In this talk I will present an overview of my current book project Protest and Development in Aspiring Global Cities. In the literature on competitive urban policy a special place is occupied by “wannabe world cities” (Short & Kim, 1999; Taylor, 2004), cities that lag closely behind those that have attained a dominant role and whose economic and political elites especially strive to improve global rankings. These cities most clearly reveal the politics behind urban competition, because they join high financial and bureaucratic capacity with powerful political leadership, and display a characteristic acceleration in redevelopment and a reliance on branding. To study popular resistance in this environment, the project selects the top two aspiring global cities in each of five world regions, and with a combination of archival work and in-depth interviews examines 30 cases of organized opposition to redevelopment over the last decade. The goal is to identify both the strategic conditions for successful mobilization, as well as the institutional conditions for actual policy impact by grassroots organizations.

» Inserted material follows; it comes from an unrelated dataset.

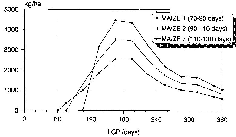In the yield generating module, both these situations are evaluated and average yields are derived. Table 2.2 sumniarizes the relevant information on maize yields in LGP-pattern zone 13 (dominantly bimodal), mean dominant LGP zone 9 (210-239 days), at intermediate level of inputs. Crop types are considered viable only if the growth cycle fits entirely within the longest growing period (long rains) of the dominant pattern component. In this example, the dominant pattern component is bimodal (70 percent of years), the longest component LGP is LGP21 with 120-149 days. Table 2.2 shows that in low-land areas (thermal zone T1-T3, i.e., at an altitude < 1550 metres), Maize 3 performs best; in thermal zone T4 (15501950 meters altitude) only the shortest high-land maize types, Maize 4 with 120-140 days growth cycle, could be cultivated. Figure 2.2 shows agronomically attainable yields of lowland maize types according to length of component growing period, at intermediate level of inputs.

Eleonora Pasotti is Associate Professor in the department of Politics at the University of California, Santa Cruz. Her first book Political Branding in Cities: The Decline of Machine Politics in Bogotá, Naples and Chicago (Cambridge Studies in Comparative Politics, Cambridge University Press 2009) examined institutional change, the transformation of patronage politics, and representation.
The talk will be co-sponsored by GMS and the Political Science Department’s Comparative Politics Colloquium.